Counsel for respondent state in their brief that “appellant has brought this suit on the theory of negligence” and the first question for determination is: “Has appellant proved negligence?” We accept respondent’s suggestion as to the order in which the issues should be disposed of. Necessarily involved in the question stated by respondent is the inquiry as to whether under the agreed statement of facts appellant bas established a prima facie case of liability.

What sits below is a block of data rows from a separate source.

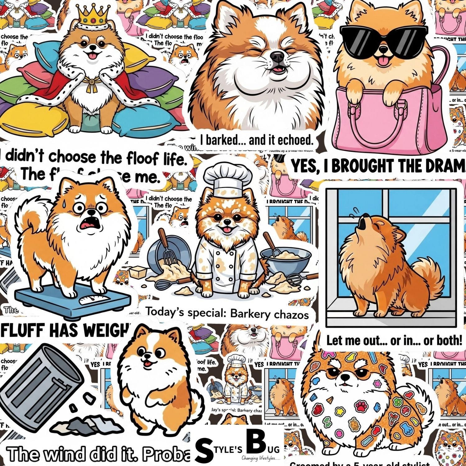 🎒 Stick ’em on your phone case, makeup bag, planner, or pup carrier — wherever there’s glam, drama, or glitter, your **Pom demands to be seen.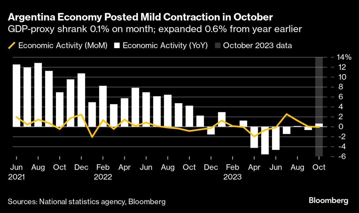 (بلومبرج) – سجل الاقتصاد الأرجنتيني انكماشًا طفيفًا في أكتوبر على الرغم من دورة الانتخابات الرئاسية المضطربة التي أثارت حالة من عدم اليقين بشأن السياسات وعمليات بيع أخرى للعملة في الأسواق الموازية.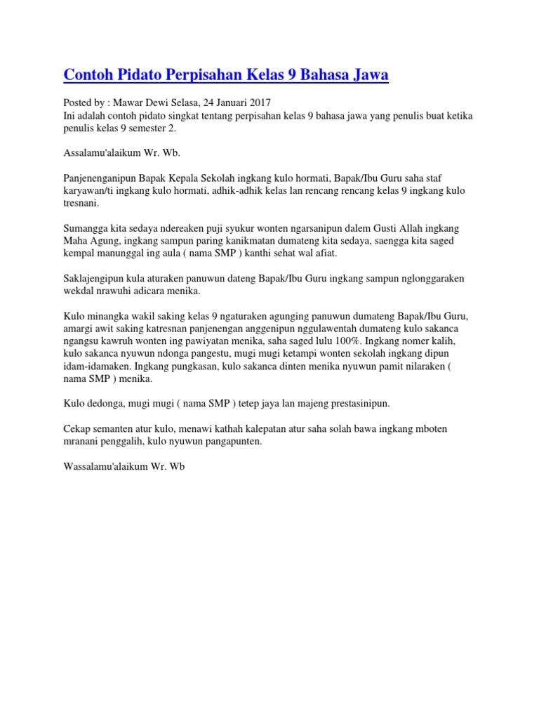 Contoh pidato perpisahan kelas 6. Di jenjang inilah seorang siswa harus bisa memberikan kesan kepada gurunya karena pada jenjang inilah seorang siswa sudah bisa dikatakan dewasa. Pidato perpisahan sekolah sekolahpidato perpisahan sekolah adalah kata sambutan yang berisikan tentang ucapan perpisahan yang disampaikan oleh siswa alumni kepada gurunya. Berdasarkan isi yang disampaikan pidato terdiri atas berbagai macam jenisnya. Contoh teks pidato perpisahan kelas 9 smp pidato ialah sebuah kegiatan menyampaikan suatu gagasan ide pendapat dan lain sebagainya dalam bentuk lisan dan disampaikan kepada khalayak ramai dengan komunikasi satu arah. Contoh pidato perpisahan lengkap kelas 6 9 teks pidato adalah salah satu bentuk komunikasi satu arah dalam bentuk mengekspresikan ide atau pemikiran tentang beberapa hal kepada banyak orang dan tidak mendapatkan langsung dari pendengar.

“A bank sued for payments claimed to have been wrongfully made by it on a check has been held to have the burden of proving that the check was a due and proper one of the depositor and was properly paid”. 9 C. J. S., Banks and Banking, § 411. In Albers v. Commercial Bank, 85 Mo. 173, 55 Am. Rep. 355, it was held that where the drawer of a check has given to the bank timely notice not to pay it, the burden of proving that it had already been paid is on the bank. In a suit by a depositor to recover his bank balance, after he has proved the amount of his deposits and the balance due after deducting admittedly authorized payments, the burden is on the bank of establishing that payments made on controverted checks were proper credits on account. Levin v. Northwestern National Bank, 154 Pa. Super. 94, 35 A. (2d) 769; Boney v. Bank of Rose Hill, 190 N. C. 863, 129 S. E. 583. In an action to recover a deposit where the defense is that of payment of a check which the depositor claims to be a forgery, it has been held that such defense is an affirmative one and the burden of showing that there was an authorized payment is upon the bank. Fourth & Central Trust Co. v. Rowe, 122 Ohio St. 1, 170 N. E. 439. In John H. Mahon Co. v. Huntington National Bank of Columbus, 62 Ohio App. 261, 23 N. E.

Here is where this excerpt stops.